### [Goal of the exercise]
Retype each line of the data below exactly, beginning with the first and ending with the one that contains "Thermische Akkomodation der". Pictures do not belong in the copy.

### [Provided material]
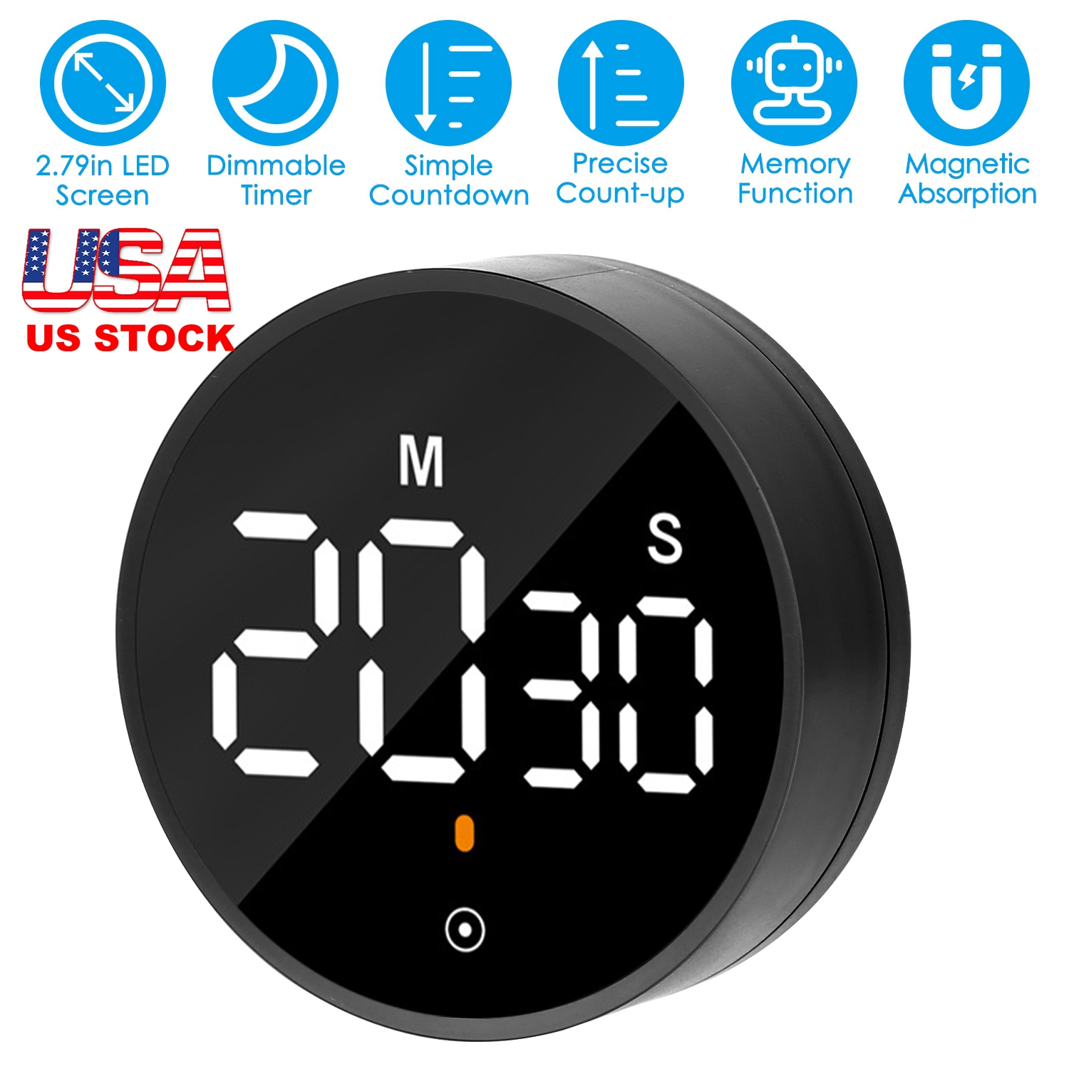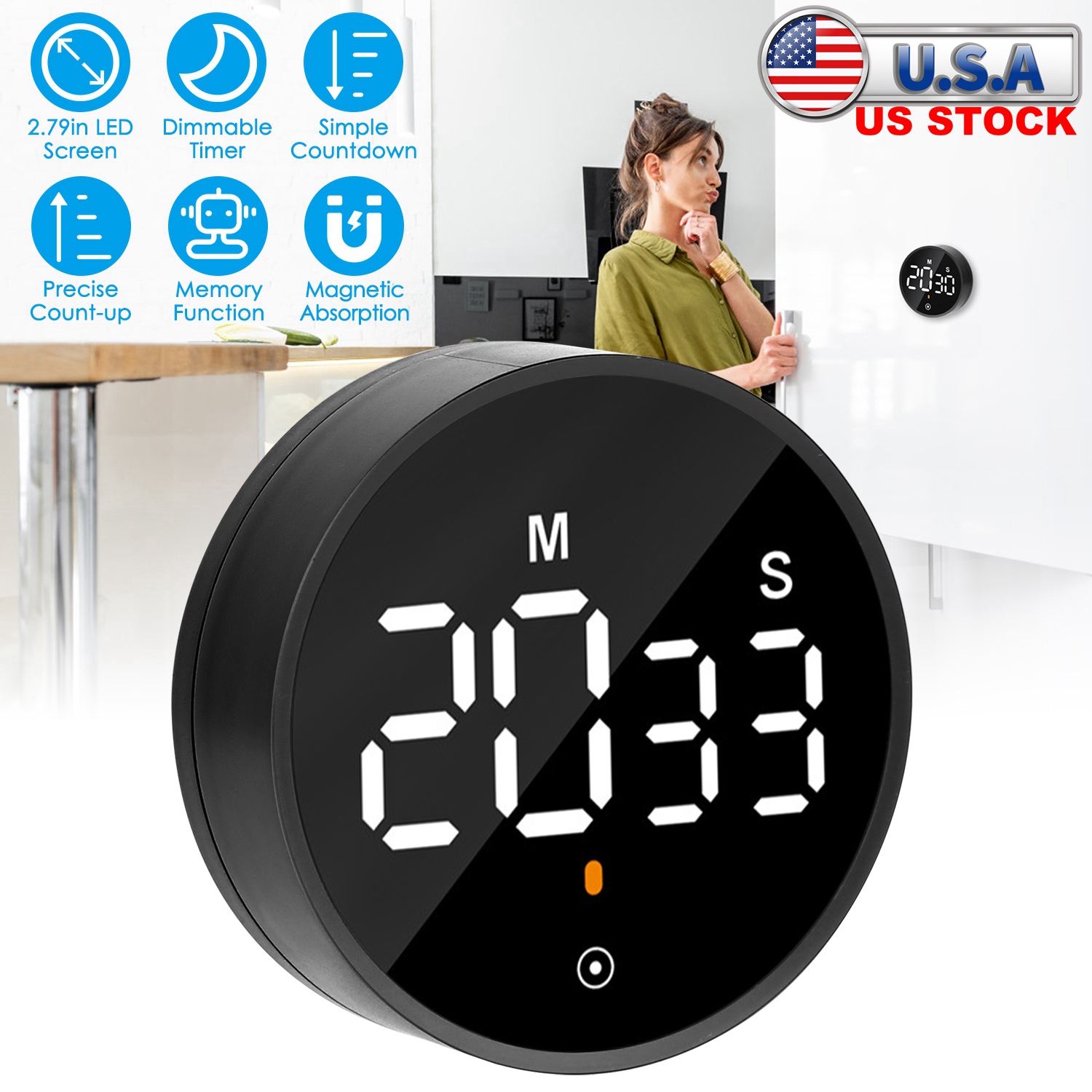 Home > 2.79in LED Digital Kitchen Timer Electronic Countdown Timer Dimmable Mutable Magnetic Clock for Classroom Library Office Cooking
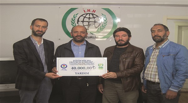 ERKHABER/ERZURUM-Erzurum Eğitim Bir Sen 1 ve 2 Nolu Şube yönetimlerince ildeki ihtiyaç sahibi ailelere giyecek ve yiyecek yardımı, özellikle yetim çocuklara giyecek yardımı olarak ulaştırılmak üzere İHH Erzurum şubesine 40 bin TL bağışta bulunuldu.
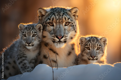 Obraz premium Snow leopard (Panthera uncia) with cubs
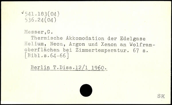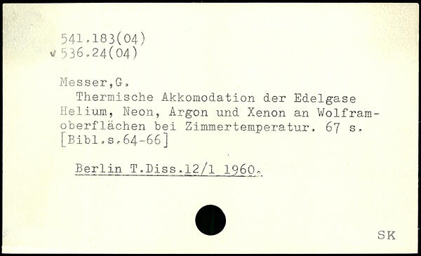 Thermische Akkomodation der Edelgase Helium, Neon, Argon und Xenon an Wolframoberflächen bei Zimmertemperatur
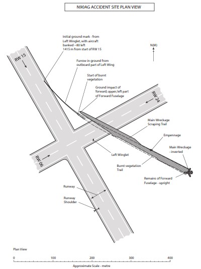 The takeoff from runway 15 appeared to have been normal until lift off. Rotation was commenced at 146 KCAS at an initial pitch rate of around 4°/second with lift off occurring 2 seconds later at about 153 KCAS. Once airborne, the elevator position was reduced from 8° to 3° as the pitch rate increased to about 5°/second and the aircraft immediately began to bank left at a rapidly increasing rate, reaching 50° within 2 seconds as the heading diverged 10° to the left of the runway centreline. FDR data showed that opposite aileron and right rudder inputs had been made immediately after the left bank began and both were fully applied within 1 second and maintained. When the bank angle reached 80°, the left wing tip made surface contact at a point 1,415 metres from the beginning of the runway from where the takeoff had been commenced. As the bank angle continued to increase, nose-up elevator input was progressively increased and 3½ seconds after takeoff, stick shaker activation was recorded. Recorded data ceased at impact 2 seconds later with the last recorded aircraft attitude being 111° left wing down and 13° nose down on a heading of 114°M. The aircraft was observed to impact the ground inverted and as the forward fuselage separated from rest of the aircraft, a major fuel fed fire started which in conjunction with impact forces led quickly to the almost complete destruction of the aircraft. The annotated illustration below shows a plan view of the aircraft ground track from the point where ground contact first occurred.
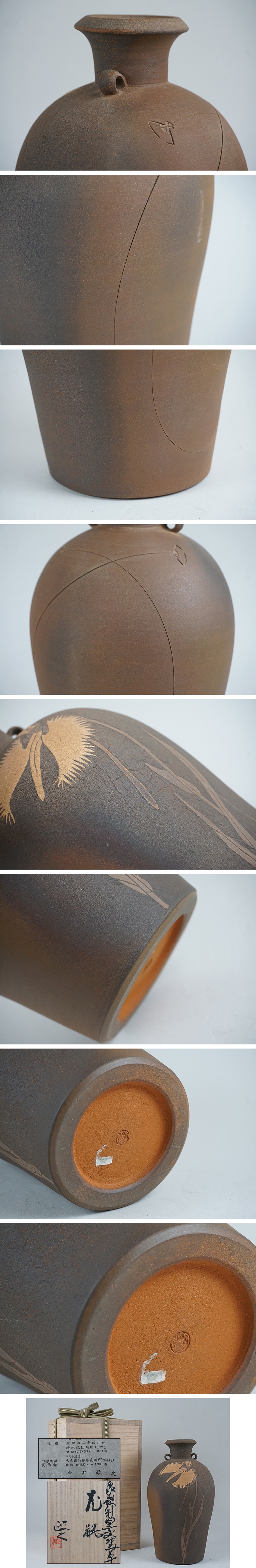 ![]() ![]() 未使用 今井政之 窯変鷲草花瓶です。 共箱在銘、保管擦れご了承下さい。大きなダメージはありません。 画像ご参考の上ご入札ください。 高さ21.1cm 幅12.0cm 口径5.5cm 高台径7.9cm 重さ1,013g | |||
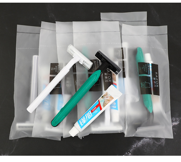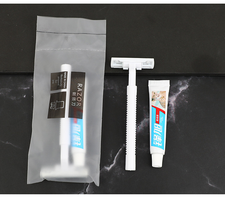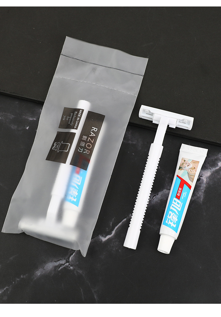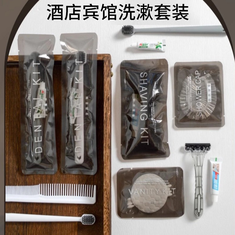 高級ホテル民宿用品使い捨て洗面用品セットグレー透明袋歯ブラシ歯磨き粉セット
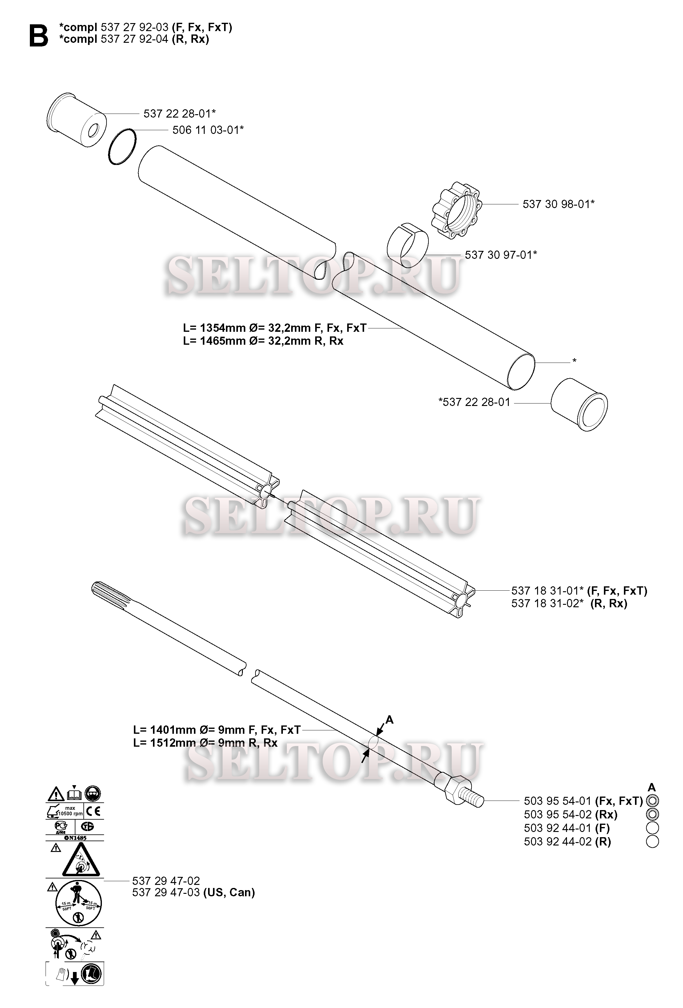 Ведущий вал для триммера Husqvarna 343 F (c 2004-08), взрыв-схема:
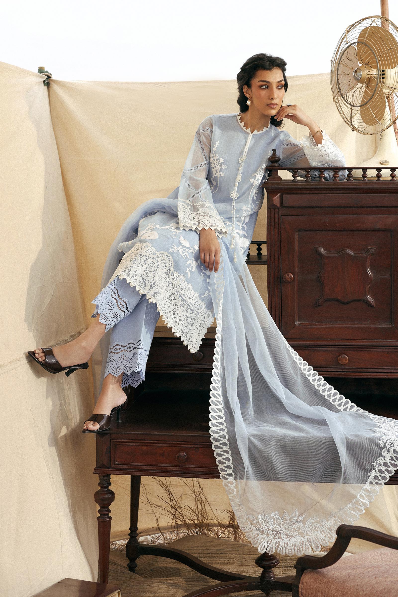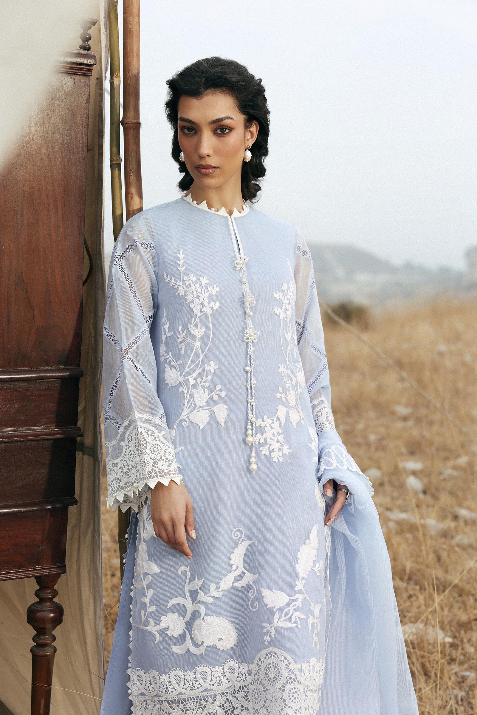 | 03-Embroidered Front Kali On Woven Net | 1.15 Meter |
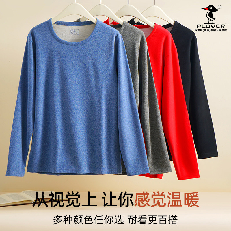 PLOVER德绒保暖内衣男套装冬季加绒加厚男士秋衣秋裤打底红色氨纶
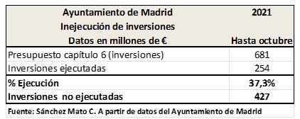 Cierto es que podría cualquiera pensar que para qué quieren más presupuesto si el que han aprobado para 2021 no son capaces de utilizarlo. De los 944 millones presupuestados para inversiones, solamente se han ejecutado el 40% a finales del mes de octubre. Específicamente de los 681 millones en capítulo 6, únicamente han realizado el 37%. En Vicálvaro la cosa es todavía peor, ya que solo han realizado un 29% de las inversiones ejecutadas. Si alguien tiene la tentación de comparar estos desastrosos niveles, peores que el promedio alcanzado en el pasado mandato, que incorpore a la ecuación las limitaciones impuestas por Montoro entre 2015 y 2018 y las paralizaciones judiciales de las inversiones realizadas a instancias del PP y Ciudadanos en esa etapa. Ahora, sin embargo, se han suspendido las reglas fiscales y no hay traba alguna y sus resultados a la hora de ejecutar las inversiones son inferiores.
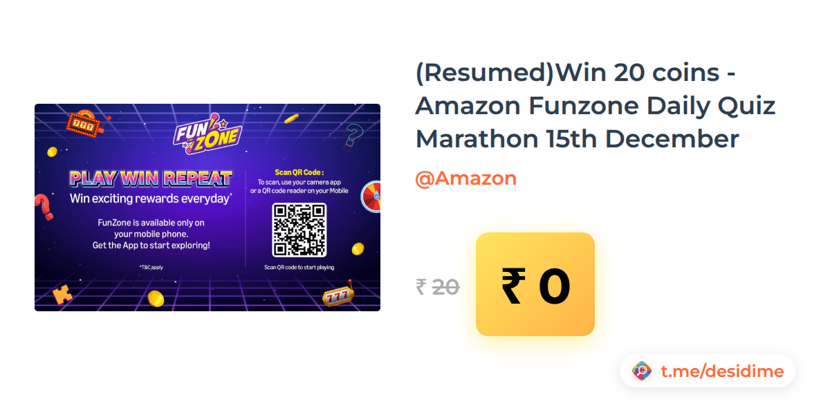 100% off on - (Resumed)Win 20 coins -Amazon Funzone Daily Quiz Marathon 15th December - Rs. 0
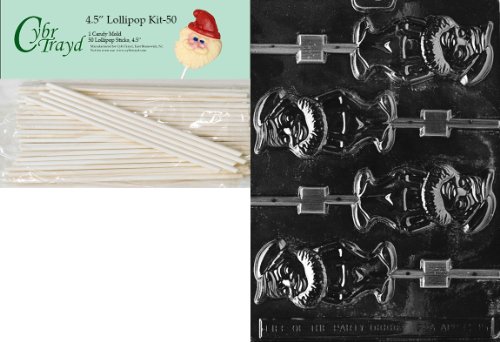 Cybrtrayd 00045St50-C095 Elf Lolly Christmas Chocolate/Candy Mold with 50 4.5-Inch Lollipop Sticks
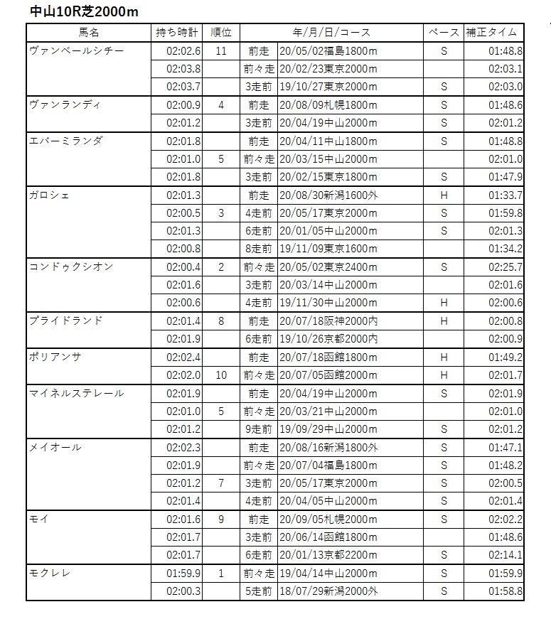 投稿日: 2020年9月18日2020年9月18日 投稿者: 吉川9月21日WIN5対象レース持ちタイム比較 【持ち時計比較】※不利、馬場差などを考慮した持ちタイムです。※客観:物理的なロスである程度の計測が可能なもの。※主観:不利がありながら計測不可能なもので主観により補正したもの。※順位の( )は2018年以前のタイムです。※ペースのHはハイペース、Sはスローペース、Hハイペースのタイムは再現性が低い。 WIN①中山9R WIN②中京10R WIN③中山10R WIN④中京11R WIN⑤中山11R

### [Task output]
 Home > 2.79in LED Digital Kitchen Timer Electronic Countdown Timer Dimmable Mutable Magnetic Clock for Classroom Library Office Cooking
 ERKHABER/ERZURUM-Erzurum Eğitim Bir Sen 1 ve 2 Nolu Şube yönetimlerince ildeki ihtiyaç sahibi ailelere giyecek ve yiyecek yardımı, özellikle yetim çocuklara giyecek yardımı olarak ulaştırılmak üzere İHH Erzurum şubesine 40 bin TL bağışta bulunuldu.
 Obraz premium Snow leopard (Panthera uncia) with cubs
 Thermische Akkomodation der Edelgase Helium, Neon, Argon und Xenon an Wolframoberflächen bei Zimmertemperatur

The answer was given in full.